Eothen: Traces of travel brought home from the East - Alexander William Kinglake
Eothen: Traces of travel brought home from the East - Alexander William Kinglake
With an introduction from Jonathan Raban
Eothen, which means ‘news from the east’ started out as a few notes scribbled on the back of a map, to amuse a friend who wanted some advice for his own youthful ‘year off’ travels, but it became one of the most influential, witty and idiosyncratic of travel books. It took Kinglake seven years before he had finished crafting this ‘lively, brilliant and rather insolent’ tale. The physical details of the journey, undertaken in 1834 across the Balkan frontiers of the Ottoman Empire, through Constantinople, Smyrna, Cyprus into the Near eastern cities of Jerusalem, Cairo and Damascus, are never as significant as the conversations, chance encounters and attitudes of the author.
Packed full of an infectious charm and a youthful delight at the world, it is above all things funny as it lampoons the pomposity of earnest, middle-aged travellers seeking to establish themselves as professional authorities.

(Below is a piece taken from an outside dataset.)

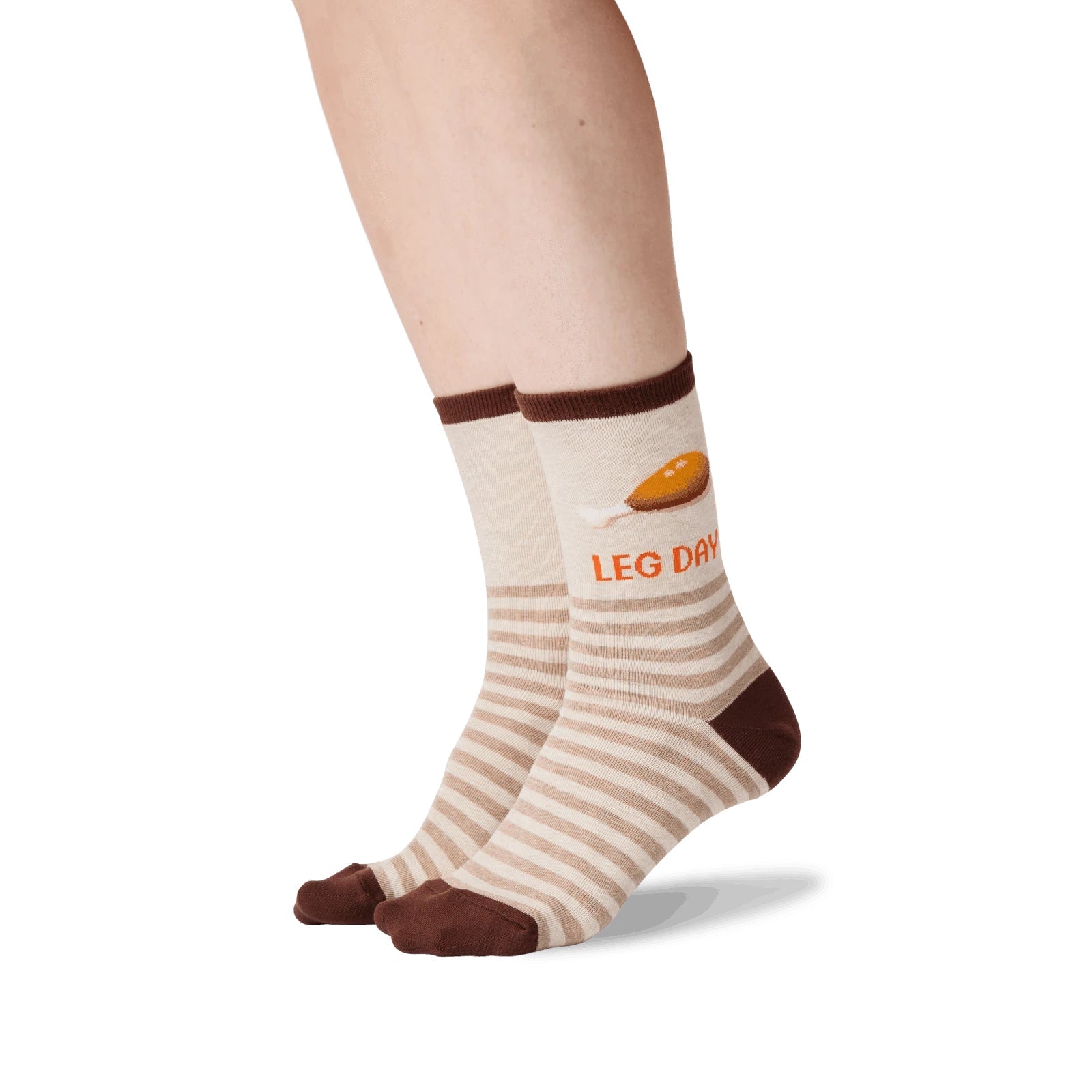 These 'Leg Day' socks are a fun way to celebrate (or commiserate) your workout. They're cream-colored with brown stripes and feature a cute illustration of a roasted chicken leg- and the words 'LEG DAY' in orange. The visible portion shows a classic crew sock style. Perfect for adding a touch of humor to your gym bag or everyday wear. They're comfy enough for all-day wear, and the design is simple but makes a statement.

‘One of the most original, graceful and creative of all travel books … sparkling, ironic and terrific fun.’ Jan Morris
Eothen: Traces of travel brought home from the East
ISBN: 978-1-78060-142-7
Format: 336pp demi pb
Place: Middle East/ East
Author Biography
Alexander William Kinglake (1809-1891) was an English travel writer and historian. He was born near Taunton, Somerset, and educated at Eton College and Trinity College, Cambridge. He was called to the Bar in 1837 and built up a thriving legal practice, which, in 1856, he abandoned to devote himself to literature and public life.